When a woman named Susan wrote the 700 Club looking for answers, she surely wasn’t expecting the kind she received. The mother of three adopted daughters, each from different countries, wrote to say that the men she was dating invariably got cold feet when it came to the subject of her children. “Why,” she asked, “are these men acting this way?”
Pat Robertson’s answer left audiences with their jaws hanging low. “A man doesn’t want to take on the United Nations,” he said, excusing the men, “and this woman’s got all these various children, a blended family. I mean what is it?”
Hint: The gospel.
Robertson went on to provide a reason why the men were justified in backing out. He mentioned a friend who adopted a child with “brain damage. . . . grew up weird. You just never know what’s been done to a child before you get that child.”
He’s right about that much. Adopted kids come from hard places, and you just don’t know what kind of problems they might have. Orphans are often victims of physical, psychological, sometimes even sexual abuse. They are deprived of food, starved for affection, and left to fend for themselves. That kind of maltreatment and deprivation can add up to serious social, psychological, and neurochemical problems for these kids.
Bringing kids from hard places into your home isn’t easy. As an adoptive father, I speak from some experience.
For Robertson these problems excuse the men in question. “You don’t have to take on someone else’s problems. I mean you really don’t. You can go help people. You can minister to people . . . but that doesn’t necessarily mean that I’m going to take all the orphans around the world into my home.”
In some measure, that’s a copout. Orphans don’t need people to help them or minister to them, not primarily. They need families, especially the kids who are — in Robertson’s indelicate word — “weird.” The reason they face maltreatment and deprivation in the first place is because they don’t have mothers and fathers to protect and care for them. Families are the only solution for these kids.
If the men Susan is dating aren’t up for that, then she’s obviously dating the wrong men. And she’s also evidently asking the wrong people for advice. Robertson’s answer does’t work. If we’re going to live the gospel, it’s absurd to say that it’s really hard so it’s reasonable to disengage. You don’t have to die on every hill, but Calvary requires your life nonetheless. What else does picking up your cross mean?

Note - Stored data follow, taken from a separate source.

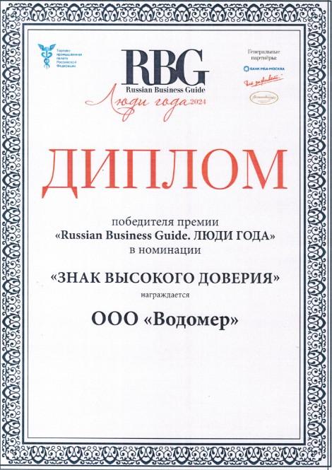 31 мая 2024 года в Конгресс-центре Торгово-промышленной палаты Российской Федерации прошла церемония вручения премии «Russian Business Guide. Люди года». Успехи мытищинской компании - производителя приборов учета воды и тепловой энергии ООО «Водомер» были отмечены дипломом лауреата премии в номинации «Знак высокого доверия».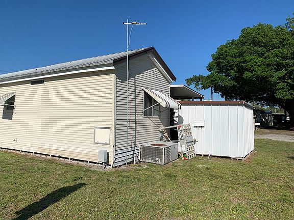 21+/1993/1 BD/1 BA/456 SQ FT/LARGE FLORIDA ROOM/PARK FEES ONLY $446/LARGE STORAGE WITH WASHING MACHINE AND INCLUDES SOME TOOLS/FULLY FURNISHED/2022 CHEST FREEZER/2023 REFRIGERATOR/CENTRAL AIR/This home has a wonderful 304 square foot Florida room that will give you some great bonus space. The carport covered driveway has ample parking. Fully furnished and comes with 2022 chest freezer and 2023 refrigerator included as well. There is a front entry as well as the sliding glass entry from the Florida room. The living room has an open feel with vaulted ceilings and plenty of natural lighting from the bay windows across the front of the home. The light honey colored wainscotting and laminate flooring add a bright touch as well. The bath has a tub/shower combo. The bedroom has a raised double closet with mirrored sliding doors and all kinds of storage below with six pull out drawers, as well as built-ins over the bed and another smaller closet beside the double closet. The back entrance off the Florida room has a ramp entrance. The storage shed houses the washing machine. This home is located in the people friendly and pet friendly community of Palm View Gardens, There's a year-round vacation vibe where the many amenities for residents include recreation hall, library, heated pool, craft building, shuffleboard, stocked lake for fishing, bingo, dances, and much more. You'll have easy access to all of Tampa Bay, the beach areas, and downtown Tampa, as well as the resorts of Orlando and Legoland, but all tucked back in the peaceful country atmosphere of Zephryhills where you will find plenty of local shopping, dining, festivals, nature areas, and medical facilities. This is a bright and cheery home with good lots storage throughout and a very large Florida room. It's priced to sell and will not last long so call today and make the appointment for your showing and start your new chapter!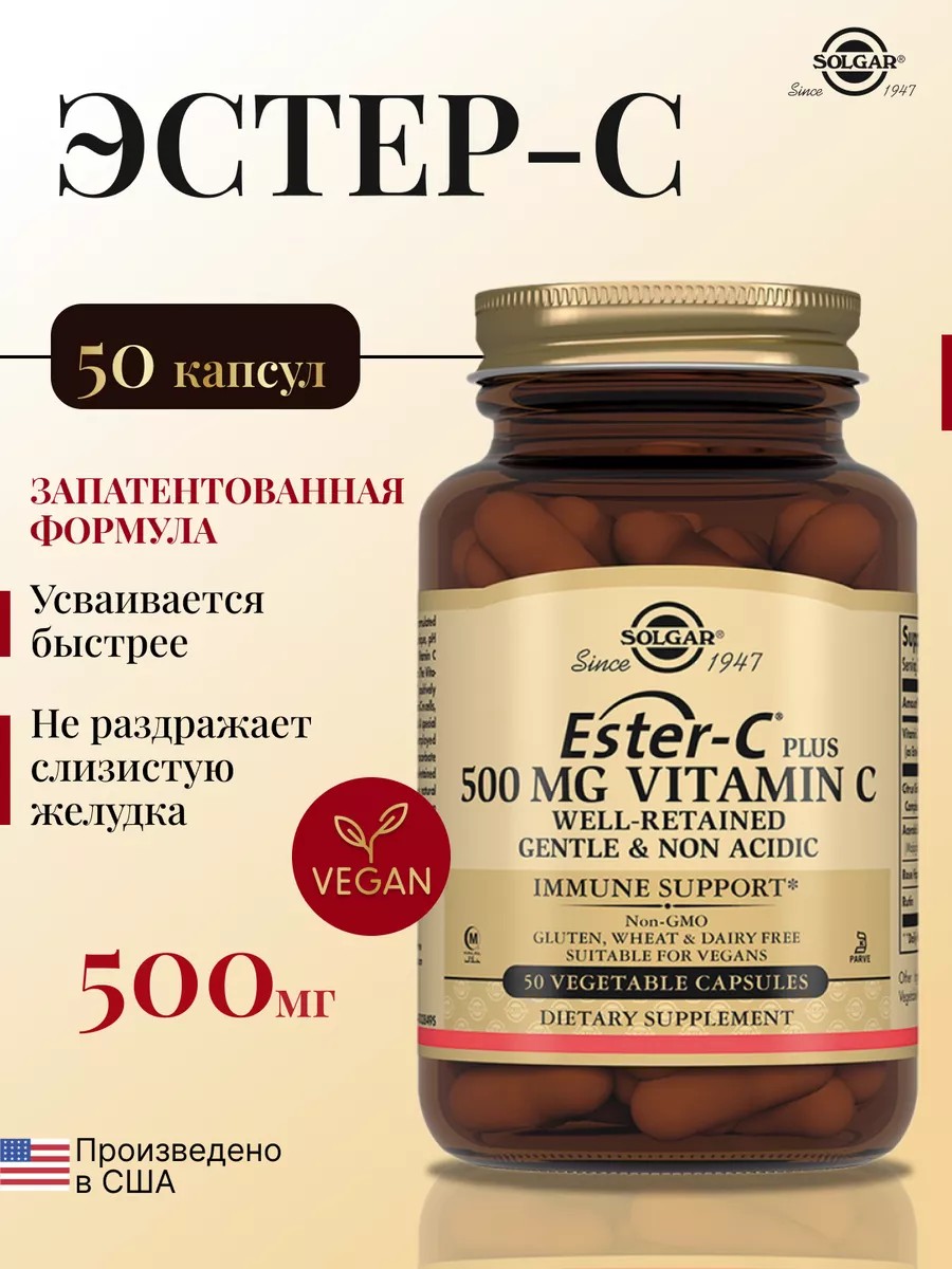 Солгар эстер-с плюс витамин C 500 мг поставляется в удобной упаковке, содержащей 50 капсул.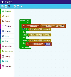 Tokymaker is programmed using a visual block-based coding environment similar to Google Blockly. Users can create logic-based programs by dragging and connecting blocks, making coding accessible for beginners. For advanced users, Tokymaker also supports JavaScript coding.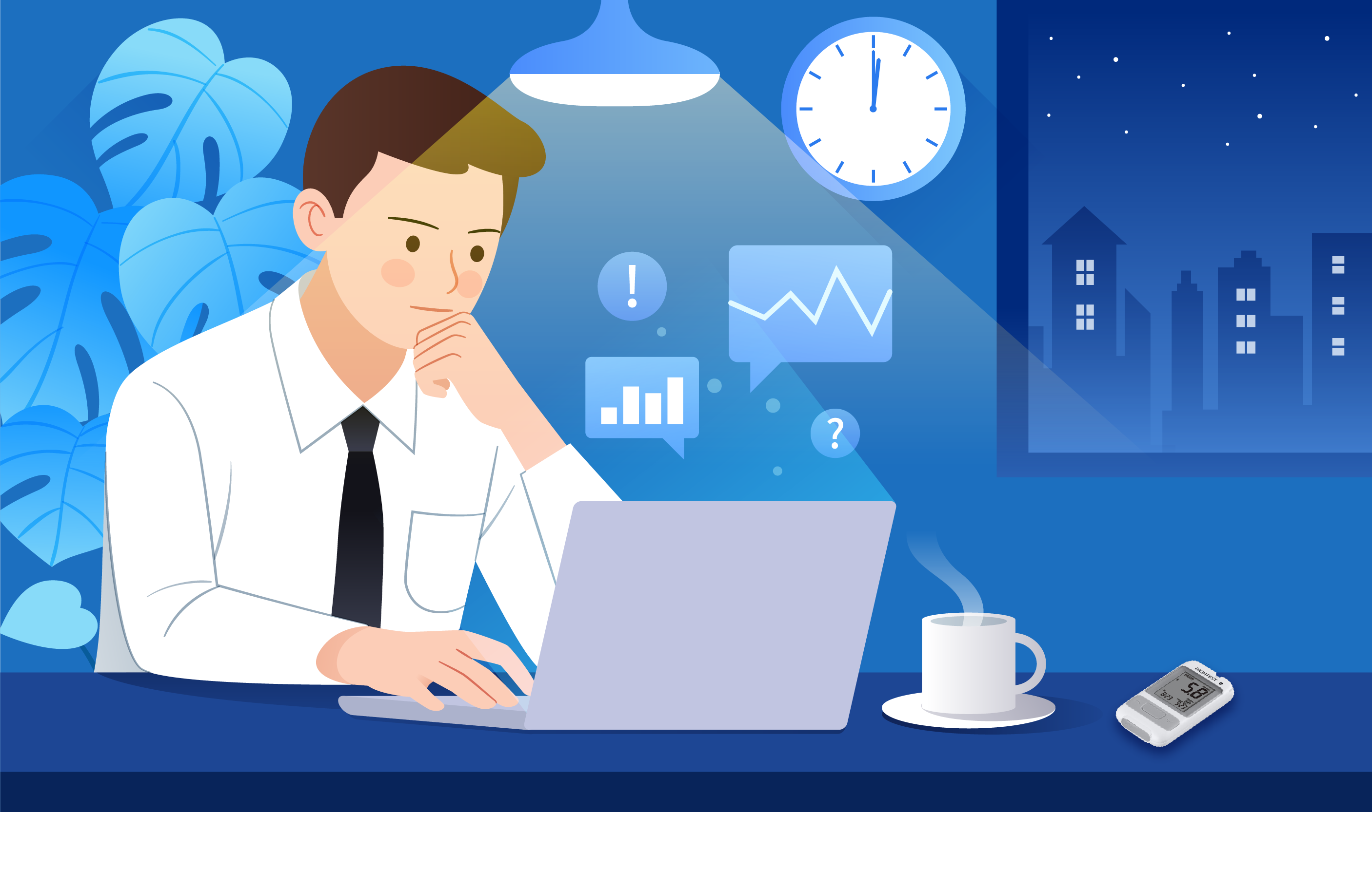 但長(zhǎng)期而往的996,無(wú)法釋放的工作壓力,各種慢性疾病已悄然潛伏在他身邊,直到有一天身體健康頻繁的發(fā)出警告信號(hào),出現(xiàn)“多飲、多食、多尿、體重卻減少”的癥狀時(shí),他才恍然意識(shí)到血糖健康為他的熬夜外賣日常買單了。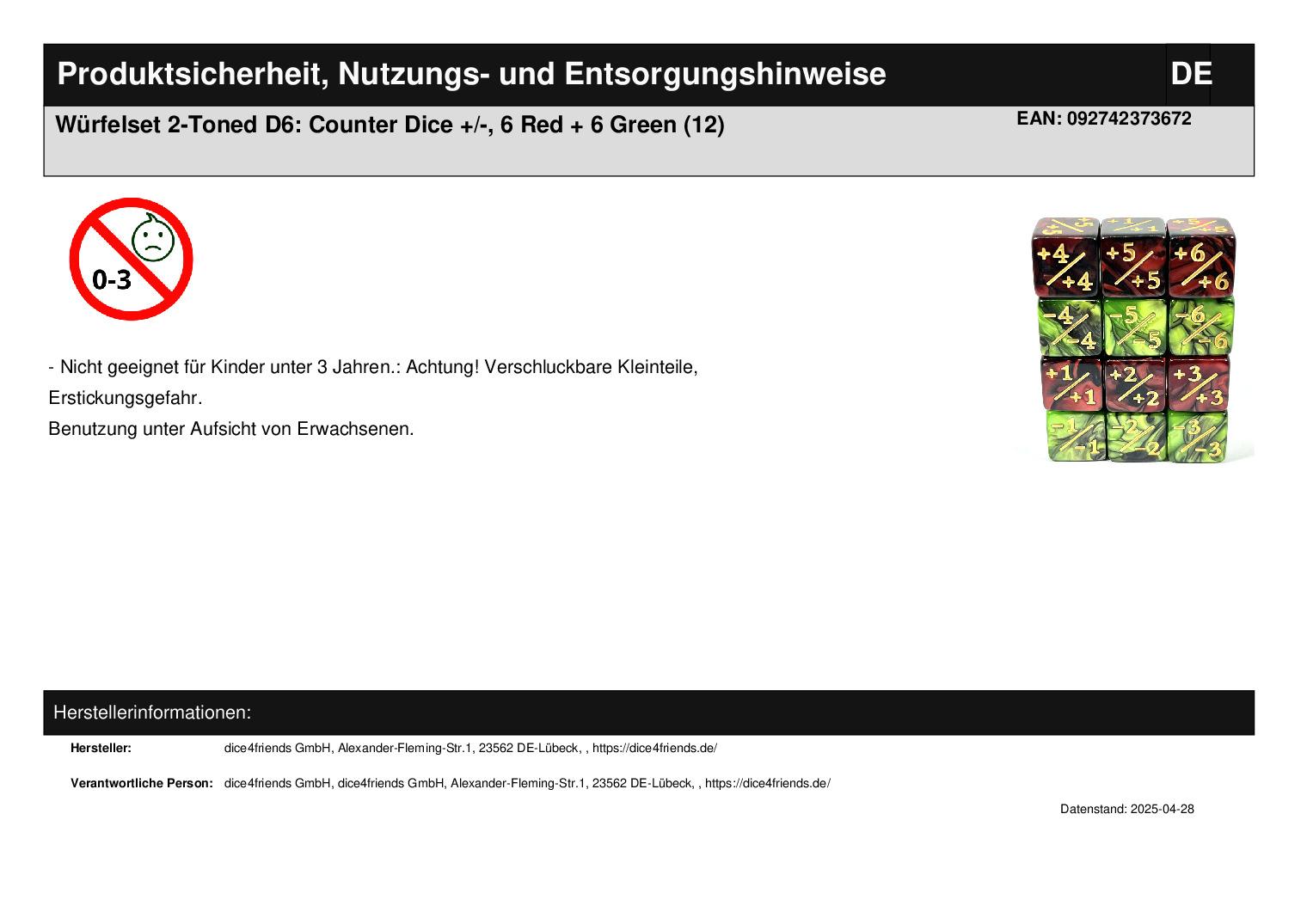 Produktinformationen "Würfelset 2-Toned D6: Counter Dice +/-, 6 Red + 6 Green (12) "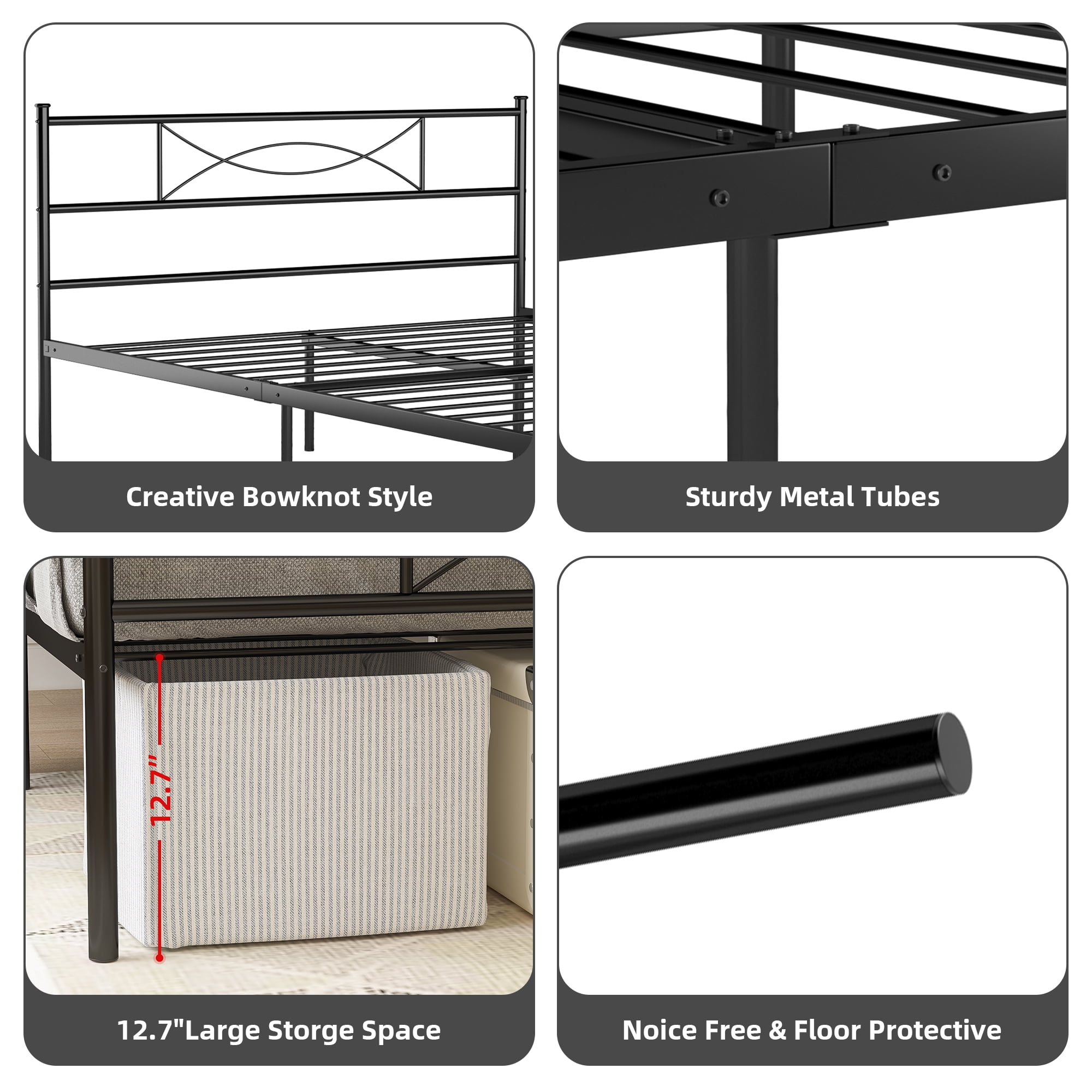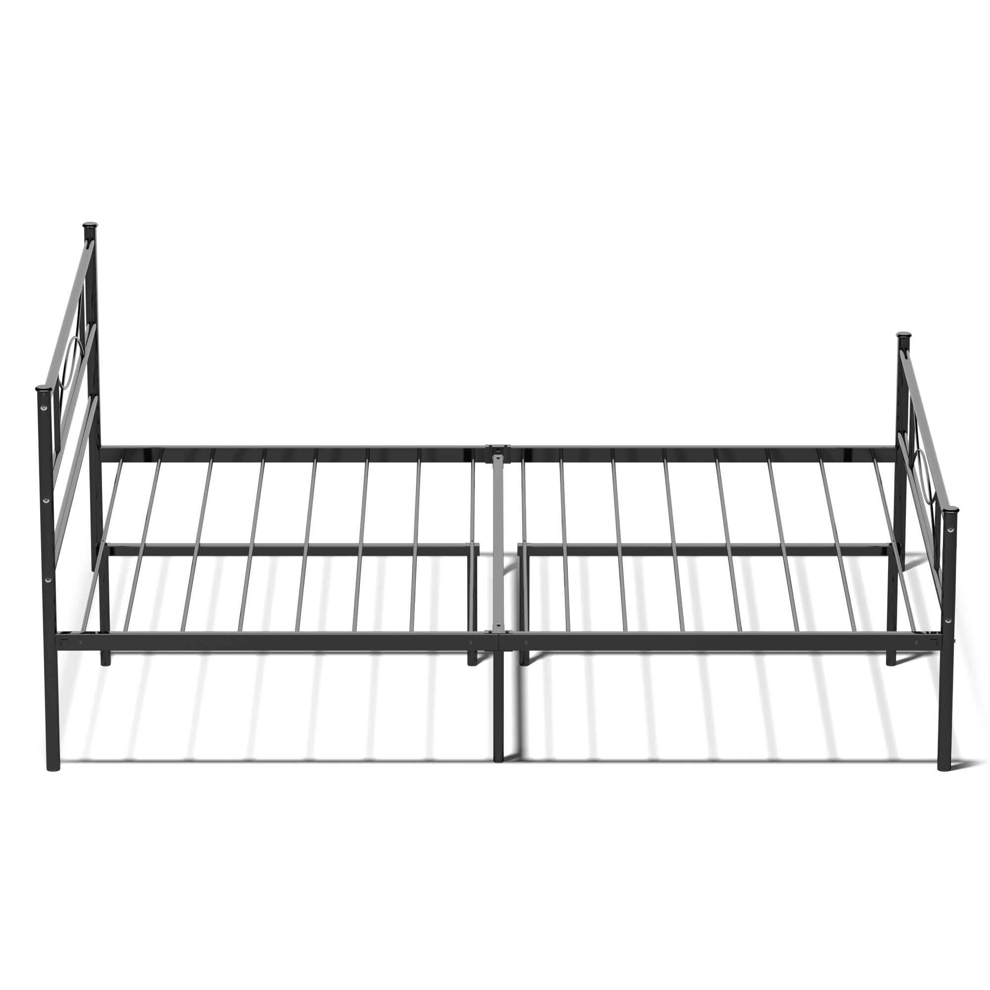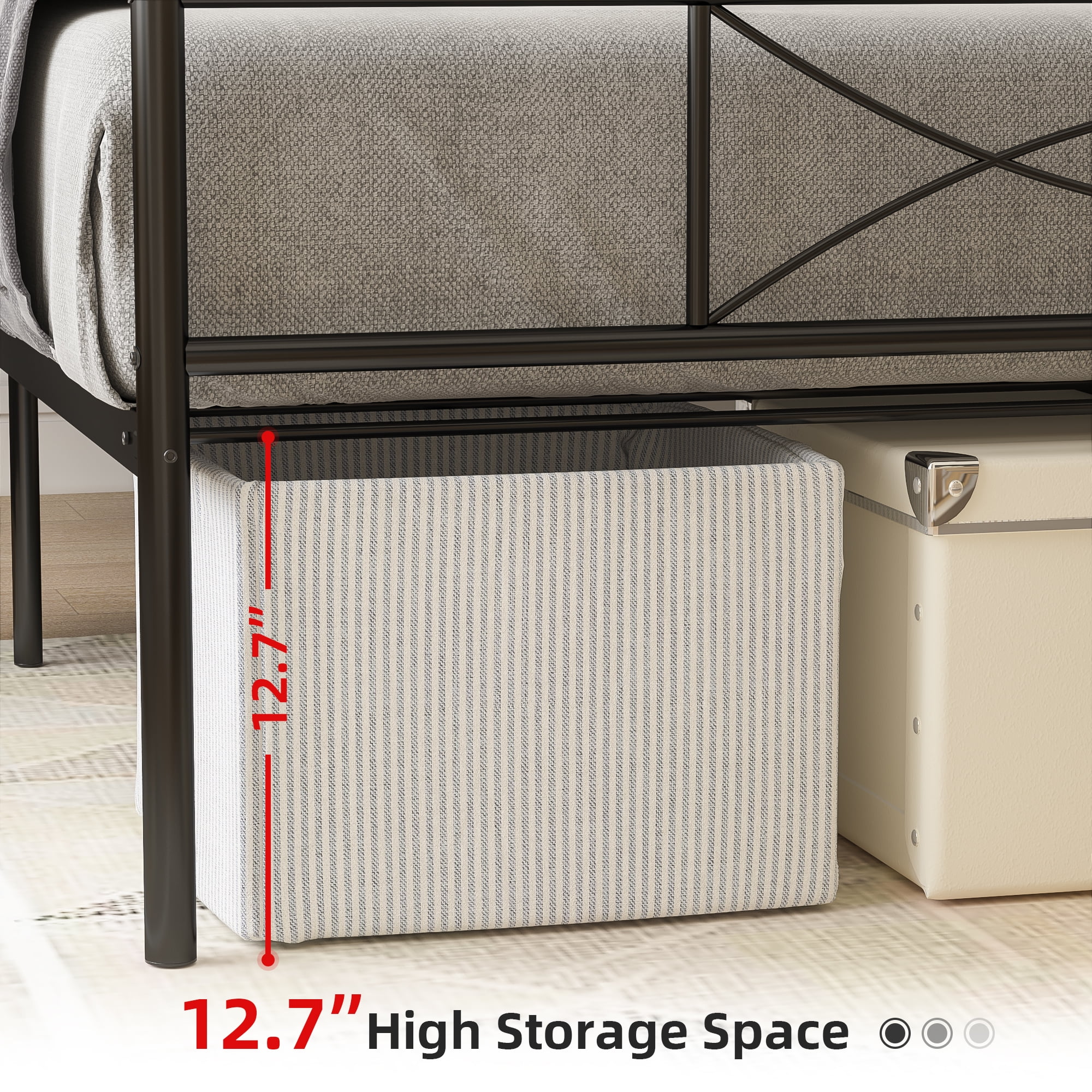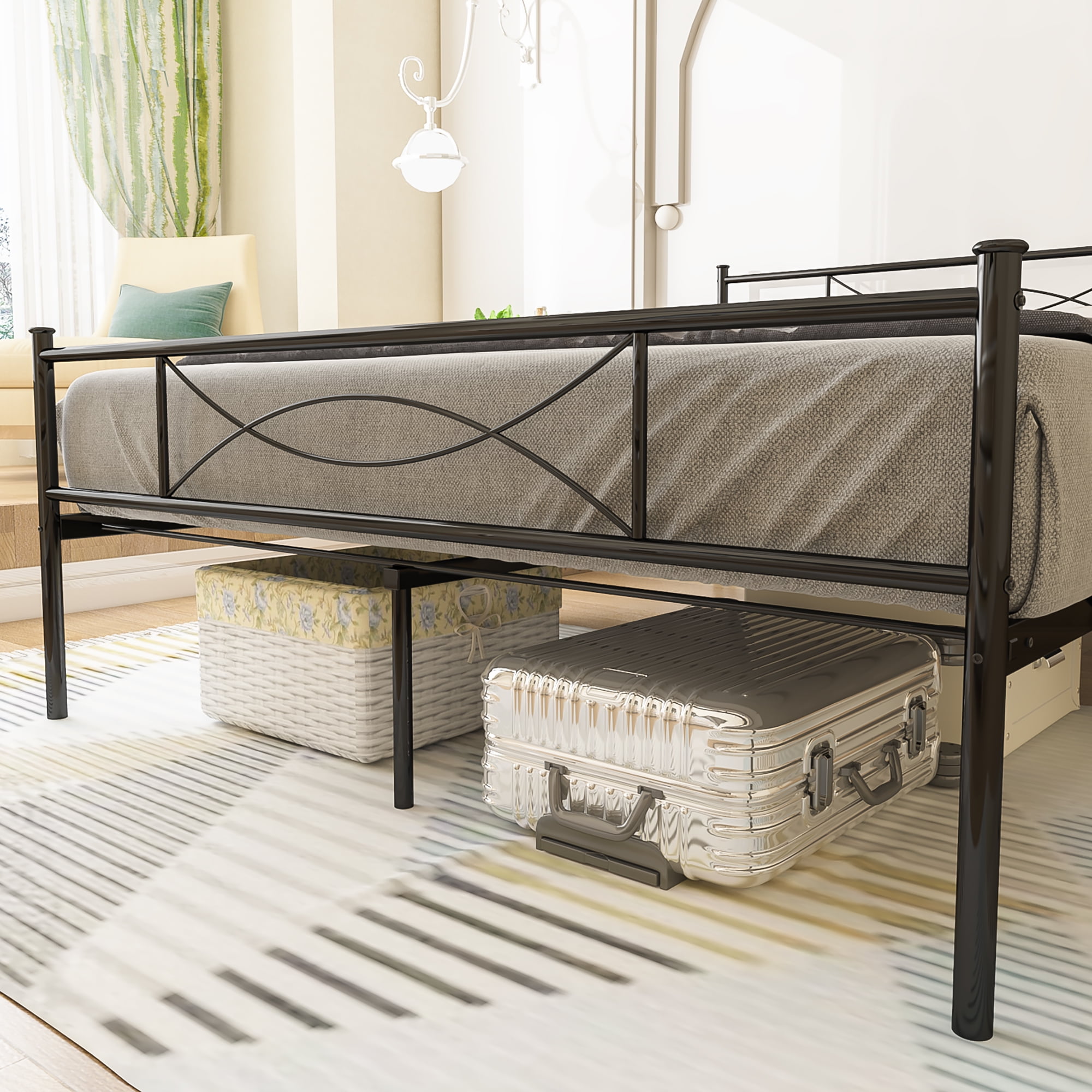 The modern design of the metal bed creates a warm and elegant feel to your sweet home. This bed frame with headboard features steel slats that provide strong support for your memory foam, hybrid, or spring mattress. A platform bed is 34.7 inches high with clearance under the frame for valuable under-bed storage. A Mattress is not included. The quick platform bed with headboard provides stylish and strong support for your mattress without the need for a box spring. 12.5 inches of clearance under the frame for valuable under-bed storage space multiple points of contact to the floor for level support/sturdy steel structure protects your mattress by providing strong level support.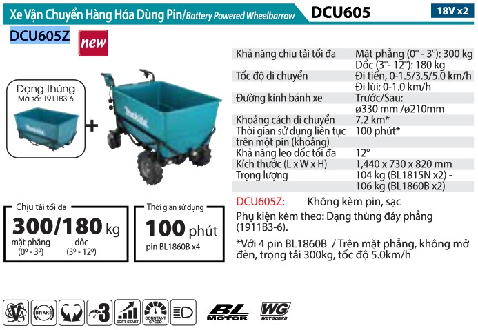 Công dụng và chức năng của Xe Vận Chuyển Hàng Hóa Dùng Pin (DẠNG THÙNG ĐẾ BẰNG/BL)(18VX2) – Makita DCU605Z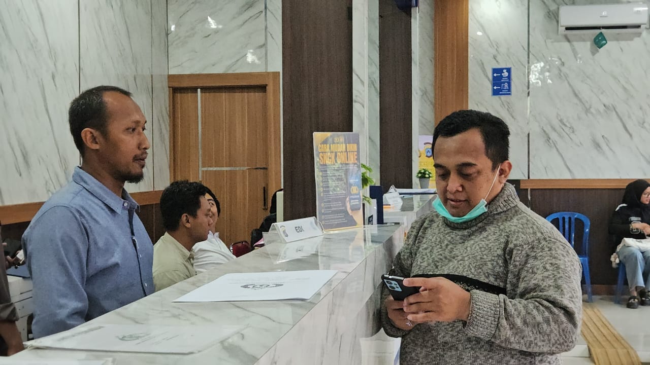 Layanan diberikan secara daring dan luring oleh petugas pelayanan. Mereka mendapat nomor antrean sesuai pemberkasan yang masuk dan tercatat di meja pelayanan.

When Jesus clues us into the final exam in Matthew 25, he says something that applies directly to the situation. After the Lord returns in glory, he separates the righteous from the unrighteous. He then turns to the former and says, “I was hungry and you gave Me food; I was thirsty and you gave Me drink; I was a stranger and you took Me in; I was naked and you clothed Me. . . .”
The righteous are amazed. “Lord,” they say, “when did we see You hungry and feed You, or thirsty and give You drink? When did we see You a stranger and take You in, or naked and clothe You?”
“Assuredly, I say to you,” answers Jesus, “inasmuch as you did it to one of the least of these My brethren, you did it to Me.”
Kids from hard places bear the image of God just like any other child, and no matter their age, sex, or color they look like Jesus.
Robertson prays for folks on air all the time. Instead of his baffling screed, he should have commended Susan and prayed that she find a man who can look upon these precious daughters as sisters in Christ and take them to his heart as readily as his own.